§ **Your instructions**
Print the listing below verbatim, passing over each picture.

§ **Supplied data**
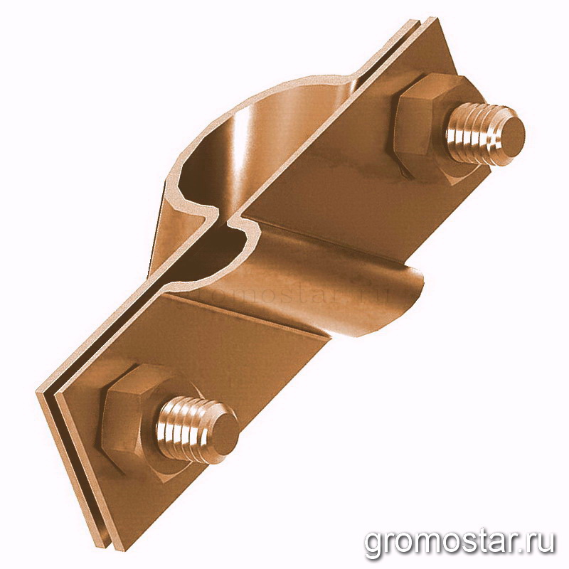 Соединитель стержня Ø14 мм., полосы 25-50 мм. и круга Ø8-Ø10 мм. для заземления Gromostar, предназначен для соединения стержня заземления, полосы и круглого проводника при устройстве молниезащиты и заземления.
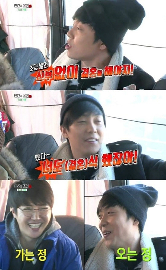 이에 은지원은 "그럼 신부 없이 결혼해라"라고 초딩발언을 서슴지 않았고, 윤상현 역시 지지않고 "너도 식 했잖아"라고 외쳐 웃음을 더했다.
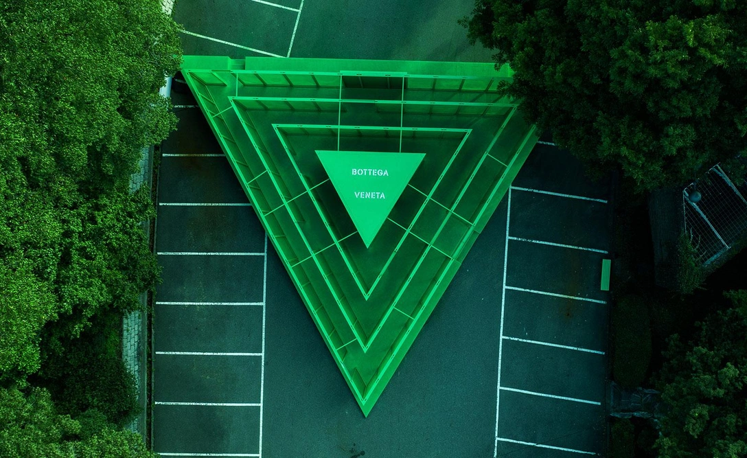 На автомобильной парковке в Сеуле этой осенью появился необычный арт-объект. Он представляет собой временную постройку в форме треугольника полностью зеленого цвета и является творением марки Bottega Veneta.
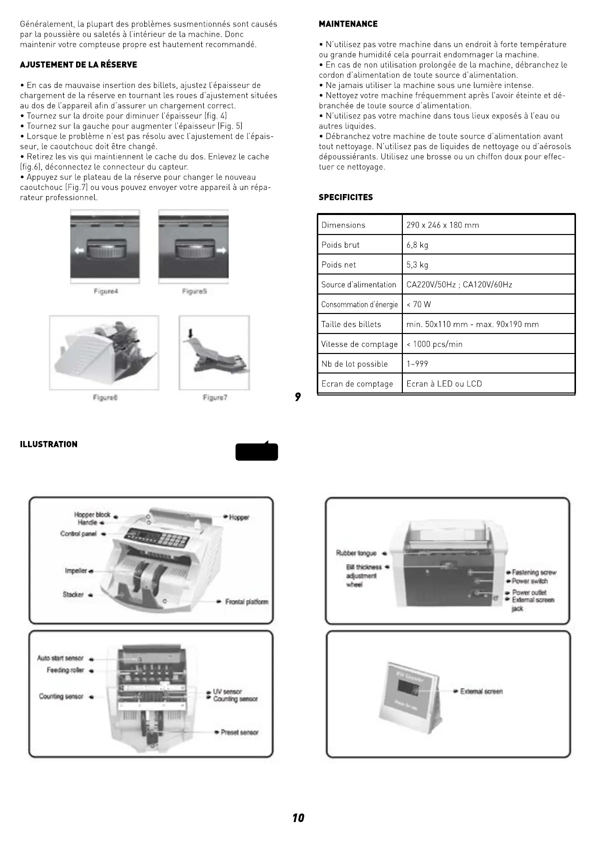 RESKAL LD80 - Hopper and Feeding Adjustment; Machine Maintenance and Cleaning; Technical Specifications

§ **Response**
 Соединитель стержня Ø14 мм., полосы 25-50 мм. и круга Ø8-Ø10 мм. для заземления Gromostar, предназначен для соединения стержня заземления, полосы и круглого проводника при устройстве молниезащиты и заземления.
 이에 은지원은 "그럼 신부 없이 결혼해라"라고 초딩발언을 서슴지 않았고, 윤상현 역시 지지않고 "너도 식 했잖아"라고 외쳐 웃음을 더했다.
 На автомобильной парковке в Сеуле этой осенью появился необычный арт-объект. Он представляет собой временную постройку в форме треугольника полностью зеленого цвета и является творением марки Bottega Veneta.
 RESKAL LD80 - Hopper and Feeding Adjustment; Machine Maintenance and Cleaning; Technical Specifications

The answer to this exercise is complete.